When the Argentines Stopped Talking


Kevin Carrel Footer

I’m mostly a bus kind of guy – I like the hoi polloi. But I was running late and grabbed a taxi across town. The driver seemed genuinely glad to see me. I soon learned that he was gladder still that I didn’t have a cell phone in my hand.

I’ve been studying the porteño, he said, for the past 50 years since 1969 when I started driving a taxi. What I’m doing with you doesn’t happen every day. Before, I used to converse with my passengers. But ever since those diabolical devices came around, those cell phones (he fairly spat the word my way) they ignore me completely. It’s like I’m not here.

I don’t use one myself but I know that they are full of information, newspapers, everything. You can find the latest gossip. Passengers will get in my cab and they don’t even see me. Sometimes we get to their destination and I have to shake them out of it, they are so buried in those damn things.

I feel bad about this.

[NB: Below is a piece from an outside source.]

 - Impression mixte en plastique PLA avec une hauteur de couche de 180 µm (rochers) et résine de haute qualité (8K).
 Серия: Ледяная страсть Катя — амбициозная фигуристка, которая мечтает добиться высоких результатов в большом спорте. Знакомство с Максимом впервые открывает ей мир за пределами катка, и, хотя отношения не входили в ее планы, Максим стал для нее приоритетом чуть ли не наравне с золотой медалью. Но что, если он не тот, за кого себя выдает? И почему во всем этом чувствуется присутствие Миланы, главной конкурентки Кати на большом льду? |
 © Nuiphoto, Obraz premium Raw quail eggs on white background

I am an older man. When I started in 1969, the days flew by because of the conversations I had. I learned a lot from my passengers. These days I learn only from tourists because they’re the only ones who want to talk to me. The Argentines, señor, though it’s hard to believe, don’t want to converse anymore. They lock themselves in their little world. I’m here 12 sometimes 14 hours a day and I’m trying to make the most of it. These days, I end up exhausted… by the silence! Sometimes I have to talk to myself. When the passenger gets out, I start talking alone just to move my lips a little.

Worse, sometimes I say something and I can see right away that it’s not welcome. I say, “What a beautiful day” or “It looks like rain” and sometimes they don’t even answer me. So I shut my mouth. The good thing is, they pay me more for that. I have colleagues who are desperate to get a conversation going so they insist and at the end of the ride they get punished for it. But I shut my mouth and often they leave me a little extra just because I didn’t make them talk.

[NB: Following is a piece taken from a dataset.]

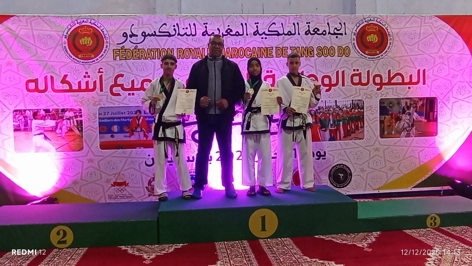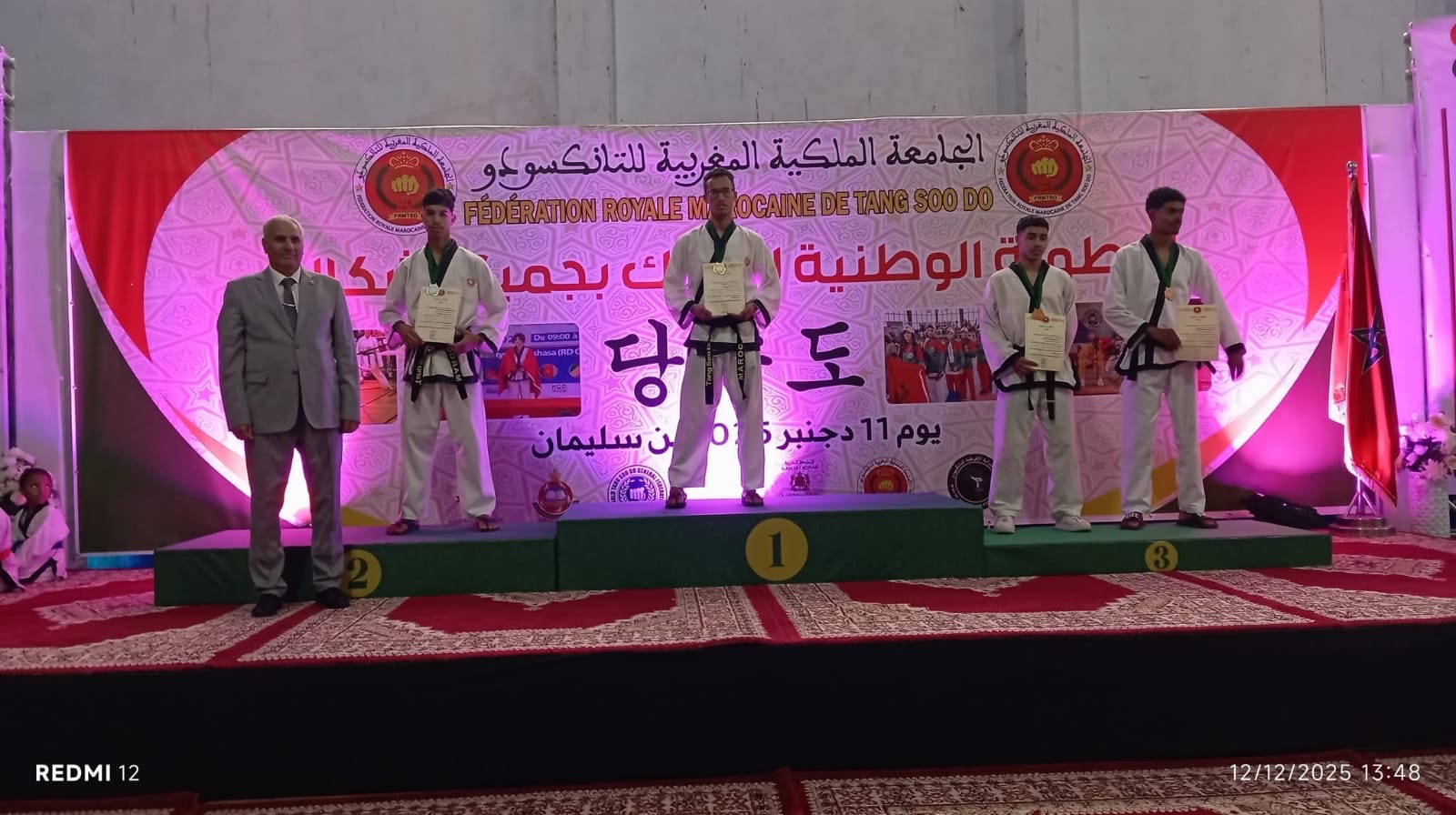 اختتمت فعاليات البطولة الوطنية ومنافسات كأس العرش للتانكسودو بمدينة بنسليمان يوم أمس الجمعة 12 دجنبر الجاري، بحضور جماهيري غفير وبتنظيم محكم عكس التطور الملحوظ الذي تشهده رياضة التانكسودو بالمملكة. وقد شهد اليوم الختامي لهذه التظاهرة تتويج الأبطال في مختلف الأوزان والفئات، حيث كان لنادي شركة الطلحة للتانكسودو بالسمارة نصيب الأسد من الألقاب، مؤكدًا هيمنته على المنافسات على المستوى الوطني. تميزت البطولة بمستوى تقني وفني عالٍ، وبروح رياضية تنافسية شريفة بين المشاركين الذين قدموا عروضًا قوية في مختلف أشكال التانكسودو، سواء في منافسات. وأظهر اللاعبون الناشئون والكبار

In UBER – which is our competition – the rule is not to talk to the passengers. But we taxi drivers are natural windbags… why?… because we’re bored! Sometimes I’m roaming the streets for an hour looking for a passenger, so when someone gets in, it’s natural that I want to talk to them, move my jaw around a bit!

We’re natural psychologists. Kind of like shamans. We’ve heard it all. We used to help people. Over the years I’ve helped women, men, with their problems. But that’s all over now; it died with the cell phone. We still want to help but those things keep getting in the way. For us, the cell phone is the worst thing that ever happened.

When we reached my destination, he thanked me for listening to his woes. I’ve always loved a good chat with a taxista. I hope conversations with porteño taxi drivers don’t go the way of, say, transatlantic cruises. Sure, you can still take a ship across the Atlantic, but it will never be the same as those voyages of romance of the past.

Let’s pray that taxi drivers can hold out long enough for people to tire of their cell phones and get back to gabbing again.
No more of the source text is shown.